Тайное письмо - Коллектив авторов
Мы ничего о тебе не знаем. Мама только говорит, что ты живешь в счастливом мире, где за тобой уже нет тайной слежки. И мама за тебя спокойна».
Нередко полицейские совершали налеты на дом Чан Су. Но каждый раз отец ловко ускользал от них: он скрывался через потайной ход в задней стене кухни, наспех подобрав бумаги, на которых он что-то писал всю ночь. Обозленные очередной неудачей, полицейские переворачивали все вверх дном. Опрокинув единственный в комнате сундучок и разбросав старые циновки на кане, они уходили ни с чем, цедя сквозь зубы грязные ругательства.
Дедушка девочки Ен Дя, шамкая беззубым ртом, часто говорил об отце Чан Су:
— Не человек, а сокол, но не в такое время родился. — Он о чем-то задумывался, а потом в сердцах сплевывал. — Проклятое время!
— Дедушка Ен Дя сказал, что наш папа не в такое время родился.
Слушая Чан Су, отец и мать улыбались и многозначительно переглядывались.
Отец сажал сыновей к себе на колени и говорил:
— А может быть, так и есть? Но Чан Су непременно доживет до хороших времен. И Чан Хо тоже...
Чан Су вынул изо рта карандаш, который усердно жевал, погруженный в воспоминания, и снова принялся писать:
«У нас большое горе. Умер Чан Хо. Его задавила американская машина. Мы с мамой даже не знаем, куда эта машина скрылась. Вечером к нам домой приходил полицейский и обругал маму. Он сказал, что она без присмотра оставляет детей на улице и что из-за этого все и получилось. Этот полицейский даже зажал маме рот руками в грязных кожаных перчатках, когда она громко заплакала. Ведь ты же знаешь, папа, что по нашему переулку запрещается ездить машинам. Чан Хо так не хотелось умирать. Он до последней минуты держался молодцом, хотя ему очень трудно было дышать.

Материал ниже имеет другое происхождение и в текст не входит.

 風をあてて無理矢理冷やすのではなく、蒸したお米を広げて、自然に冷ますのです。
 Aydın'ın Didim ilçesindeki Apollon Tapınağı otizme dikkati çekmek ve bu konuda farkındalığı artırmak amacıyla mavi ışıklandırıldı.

Как нам не хватает тебя, папа!»
Дописав эту строчку, Чан Су скривил губы, готовый заплакать, но, пересилив себя, продолжал:
«Я хожу работать в ресторан. День в ночную смену, день в дневную, с раннего утра до десяти часов вечера.

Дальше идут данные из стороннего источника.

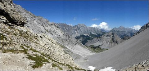 Spärlich das Grün, dominierend das Grau. Rechts ein Pfad über Geröll, meiner geht direkt hinunter. Anfangs steil windet sich der Ganghofersteig in zahlreichen Kehren im Brendelkar hinunter. Dreimal stapfe ich durch leicht aufgetaute Schneefelder. Das Kar wird flacher und ist wieder gut laufbar. Das Geröll und der Schnee liegen hinter mir, die Landschaft wird wieder Grün. Der Pfad führt vorbei an einer Felswand. Ein kleiner Stein fällt mir beinahe auf den Kopf. Der von Alpenrosen gesäumter Pfad lässt mich den Stein schnell vergessen, auch der Blick hinüber zum Wetterstein. Nach gut 13km treffe ich wieder auf den Wanderweg, auf dem ich hoch gekommen bin. Vorbei geht es an der Ehrwalder Alm und ich sehe, dass es zwei Wege zur Talstation gibt. Eine Straße für Autos und Fahrräder, und einen Wiesenweg. Schade, hätte ich gerne am Anfang gewusst. Wurscht! Vollgetankt mit guter Laune und Glücksgefühlen laufe ich die letzten drei Kilometer ins Tal.
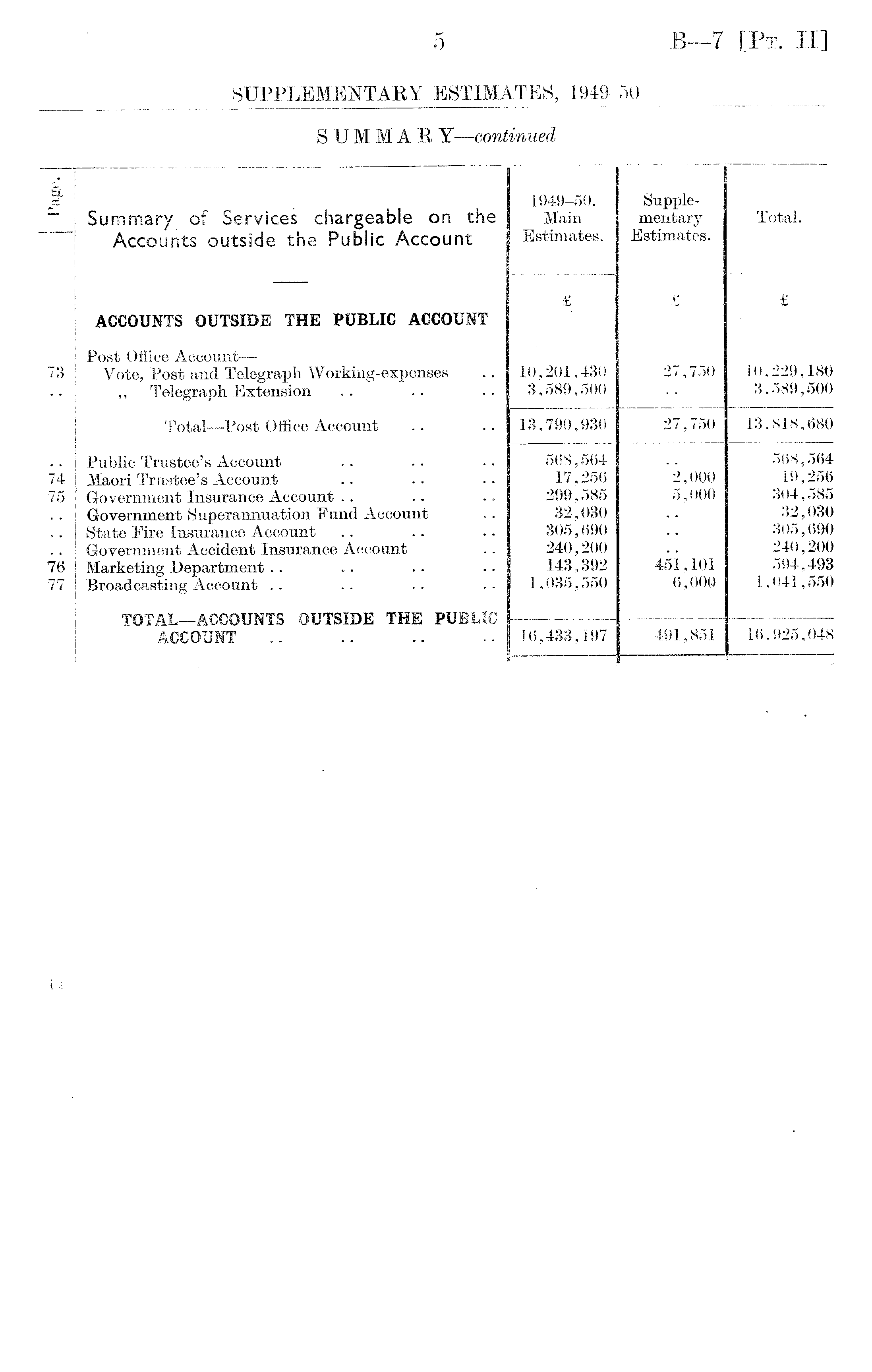 Page. Summary of Services chargeable on the Accounts outside the Public Account 1949-50. Main Estimates.. Supplementary Estimates. Total. ACCOUNTS OUTSIDE THE PUBLIC ACCOUNT £ £ £ 73 Post Office Account — Vote, Post and Telegraph Working-expenses „ Telegraph Extension 10,201,430 3,589,500 27,750 10,229,180 3,589,500 Total—Post Office Account 13,790,930 27,750 13,818,680 74 75 76 77 Public Trustee's Account Maori Trustee's Account Government Insurance Account Government Superannuation Fund Account State Fire Insurance Account Government Accident Insurance Account Marketing Department Broadcasting Account 568,564 17,256 299,585 32,030 305,690 240,200 143,392 1,035,550 2,000 5,000 45i,101 6,000 568,564 19,256 304,585 32,030 305,690 240,200 594,493 1,041,550 TOTAL—ACCOUNTS OUTSIDE THE PUBLIC ACCOUNT | 16,433,197 491,851 16,925,048 » *

В ресторане так пахнет вкусными кушаньями, даже голова кружится от этих запахов! До чего же там вечерами красиво! Огоньки переливаются разными цветами. Однажды я даже осмелился войти в зал ресторана, но тут какая-то очень нарядная дама схватила меня за волосы и хотела вытолкнуть на улицу. К счастью, появился хозяин ресторана. Он меня узнал и прогнал на кухню. С тех пор в зал я больше не хожу. На кухне я мою чашки, таскаю воду, топлю печи — в общем, делаю все, что мне приказывают старшие. Так я и кручусь все время.

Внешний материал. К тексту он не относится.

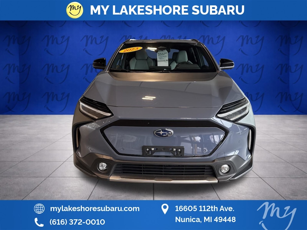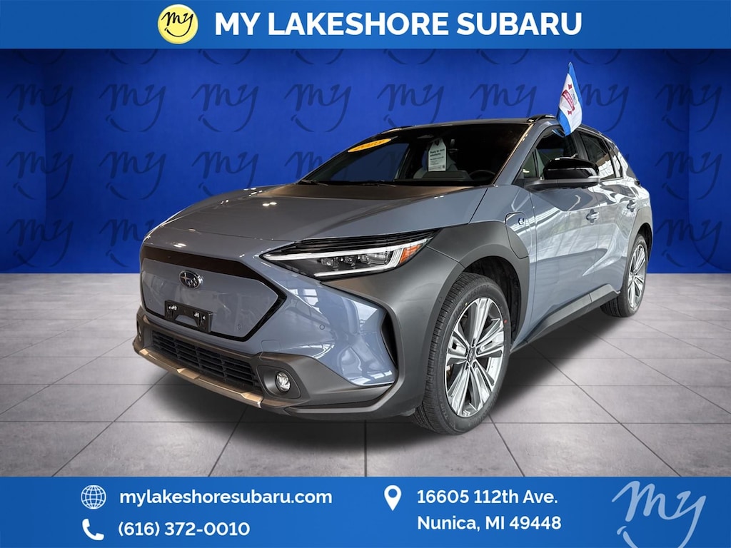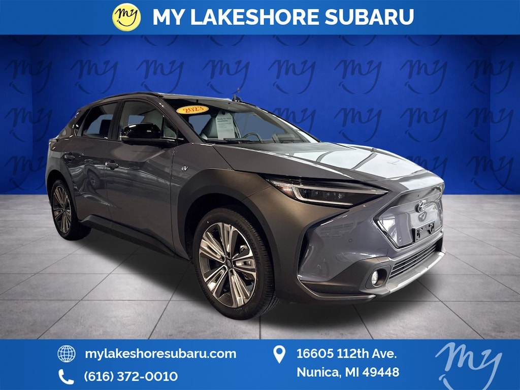 Solterra Limited, Harbor Mist Gray Pearl, *ALL WHEEL DRIVE*, *APPLE CARPLAY & ANDROID AUTO*, *BACKUP CAMERA*, *BLIND SPOT MONITORING*, *HEATED REAR Seats*, *HEATED STEERING WHEEL*, *LANE DEPARTURE WARNING*, *LEATHER HEATED POWER SEATS*. Harbor Mist Gray Pearl 2023 Subaru Solterra Limited AWD 1-Speed Automatic Electric Motor

Вчера от повара мне здо́рово попало за то, что плохо растопил печку. Я ужасно испугался, принес целую охапку поленьев и все это запихнул в печь. Но только собирался зажечь огонь, как на меня налетела судомойка. Она закричала, что я занимаюсь не тем, чем надо, а посуда стоит немытая. От ее подзатыльников я даже упал на помойное ведро. Но, папа, ты их не ругай. Вчера все они были очень расстроены. Хозяин за три разбитые фарфоровые чашки потребовал штраф по двести хванов[7] с каждого, кто работает на кухне. Эти чашки разбил я, когда немного вздремнул во время мойки. Но меня никто не выдал и никто не сказал, что я один должен уплатить все деньги. Они срывают свое зло на мне, только когда им очень тяжело. Потом сами жалеют, что обидели меня. После того как я упал на ведро с помоями и испачкался, судомойка даже заплакала и стала стирать мою одежду. Мне их всех очень жалко. Только один толстый хозяин ходит вытаращив глаза, важный такой, прямо противно смотреть. Я боюсь его. Его выпученные глаза так и мечут огонь, точно он готов всех нас живьем проглотить. Кто знает, не выгонит ли он меня когда-нибудь. Хоть бы это не случилось. Мне очень страшно».
Чан Су вдруг вспомнил тот день, когда отец, радостно взволнованный, вбежал в дом:
— Сынок, родной! Вот и наши мечты сбылись. Теперь мы будем жить, ни от кого не прячась и никого не боясь.
Чан Су тогда сердцем понял, что настало другое время.
В этот день люди высыпали на улицу. Веселые, возбужденные, они смеялись и шумели. У всех были счастливые лица. Дети так и льнули к народоармейцам, ощупывая гладкие стволы их автоматов. Как-то особенно выглядели прежде мрачные улицы. Все вокруг необычайно сверкало: и красные звезды на фуражках воинов Народной армии, и черные глаза детей. Сколько народоармейцев таскали Чан Су на своих плечах! Он уже вышел из того возраста, когда катаются на плечах взрослых, но воины с севера только посмеивались, когда он отнекивался. «Ишь ты, какой большой, серьезный», — и поднимали его себе на плечи. Именно тогда отец сменил рабочую одежду на военную форму. Красные погоны, красная звезда на фуражке, брюки навыпуск, широкий кожаный ремень — действительно было чему радоваться. Чан Су, ласково поглаживая все это, робко заглядывал в смеющиеся глаза отца. Первое время ему было непривычно видеть отца в форме солдата Народной армии. Мальчик носился по улице, не переставая с гордостью говорить об отце, и все сверстники смотрели на Чан Су с нескрываемой завистью.
Когда Чан Су вспомнил все это, непрошеные слезы навернулись ему на глаза и он сердито грязным кулаком вытер их.
В один из тех дней отец, заскочив домой на минутку, стал торопливо прощаться. Мать прислонилась к покривившейся изгороди и ничего не ответила ему, только кивнула головой. Она стояла неподвижно, пока не смолкла песня народоармейцев, с которыми уходил в далекий путь отец.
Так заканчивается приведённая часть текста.